Николай ничего не сказал. Он просто смотрел на сына. Его взгляд был тяжёлым, как кусок чугуна, и в нём не было ни гнева, ни злости. Только глухая, непробиваемая решимость. Он не сжимал руку Сергея сильнее, но и не ослаблял хватку. Он просто держал. И в этом простом действии было больше угрозы и окончательности, чем в любых словах. Сергей попытался выдернуть руку, но хватка была мёртвой. Противостояние длилось несколько секунд. Затем Сергей, чувствуя, как по его спине течёт холодный пот, медленно опустил половник на плиту. Николай разжал пальцы, так же молча развернулся и ушёл обратно в комнату, где мать, не проронившая ни слова, продолжала смотреть свой сериал. Битва за еду была проиграна. А вместе с ней — и уверенность в том, что всё это просто дурной спектакль.
— Мам, может, хватит этого? Давай поговорим.

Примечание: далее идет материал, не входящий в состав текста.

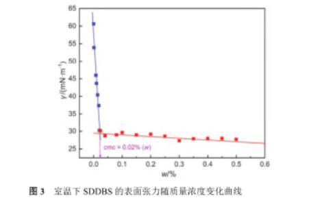 图3室温下SDDBS的表面张力随质量浓度变化曲线

Сергей стоял на пороге большой комнаты, где Галина Петровна, устроившись в продавленном кресле, смотрела свой вечерний сериал. Голод, который грыз его изнутри уже вторые сутки, сделал его ум ясным и злым. Тактика игнорирования провалилась с треском. Он понял, что они не отступят, их молчаливое упрямство было твёрже стали. Значит, нужно было действовать иначе. Разбить их монолитный союз, найти трещину. И этой трещиной всегда была мать.
Она не повернула головы. На экране заплаканная героиня что-то кричала в лицо холёному мужчине. Галина Петровна следила за ними с полным погружением, будто решалась её собственная судьба, а не судьба вымышленных персонажей.
— Это же отец тебя настроил, я же вижу, — продолжил Сергей, входя в комнату и садясь на край дивана. Он старался, чтобы его голос звучал вкрадчиво, по-сыновьи. — Он всегда был тяжёлым человеком. Вечно недовольный. Но ты-то… Мы же всегда с тобой понимали друг друга.
Мать не ответила. Её взгляд был прикован к экрану. Она лишь слегка качнула головой, то ли соглашаясь с репликой героя, то ли отгоняя слова сына, как назойливую муху.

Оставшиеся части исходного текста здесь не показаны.